The tab agent is responsible for maintaining location information
for its ParcTab, and routing packets to and from the ParcTab.
Sun RPC is used to communicate between ParcTabs, tab agents, and
applications. The tab agent ensures at-most-once RPC semantics
to the ParcTab, but communications from the ParcTab is
unreliable. (Typically pen-events - onus on user to repeat.)
- T-RPC: T-RPC is the RPC mechanism used to deliver commands
("T-Cmds") to the ParcTab. Each T-RPC round-trip includes
an Ethernet, a serial line, and an IR transmission, but end-to-end
latency is less than 250ms. Reliable delivery to the ParcTab is
implemented at this layer, in order to simplify lower layers'
design. T-Cmds are typically bitmap transmissions and audio
events - the ParcTab is barely more than a terminal.
- Location information: The tab agents having knowledge of
their ParcTab's location implies that location specific contextual
information is available to applications.
Relevance
The ParcTab system was one of the first systems built that implements some
of the Xerox PARC's ubiquitous computing philosophy.
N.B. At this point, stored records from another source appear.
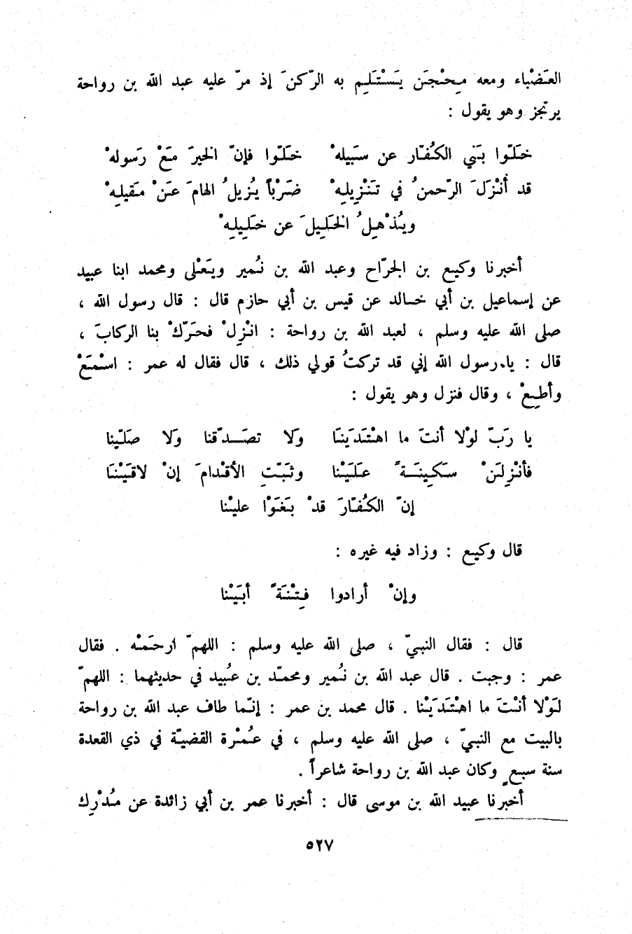اللَّهُمَّ لَوْلَا أَنْتَ مَا اهْتَدَيْنَا قَالَ مُحَمَّدُ بْنُ عُمَرَ: إِنَّمَا طَافَ عَبْدُ اللَّهِ بْنُ رَوَاحَةَ بِالْبَيْتِ مَعَ النَّبِيِّ صلّى الله عليه وسلم فِي عُمْرَةِ الْقَضِيَّةِ فِي ذِي الْقَعْدَةِ سَنَةَ سَبْعٍ، وَكَانَ عَبْدُ اللَّهِ بْنُ رَوَاحَةَ شَاعِرًا.
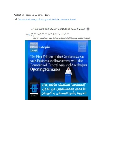 Publication: Facebook – Al Barjeel News Link: " ناجيبرذأ و ىطسولا ايسآو ةيبرعلا لودلا نم نيرمثتسلماو لامعلأا لاجر رمتؤم فيضتست "ايبوتسفنإ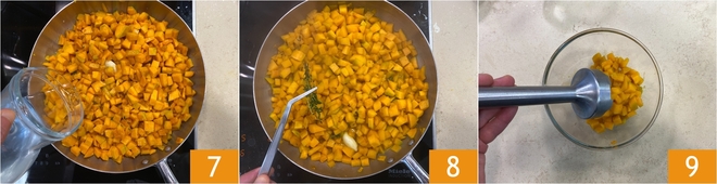 Mélangez et versez un peu d'eau chaude pour faciliter la cuisson 7. Après une dizaine de minutes, lorsque la chair est tendre, retirez l'ail et le thym 8 et transférez le potiron dans un bol. Mixez-le avec un mixeur plongeant 9.

It also demonstrated
that PDA class devices can be useful and integrated with the rest of the
world, with the help of a proxy agent and intelligent applications.
Flaws
- The proxy agent only provides routing and location information.
This implies applications must be fully ParcTab aware.
- Authentication and privacy issues were conspicuously absent.
- There was a lack of discussion on interesting applications for
this network and distributed system; such examples would reveal
the utility of their design.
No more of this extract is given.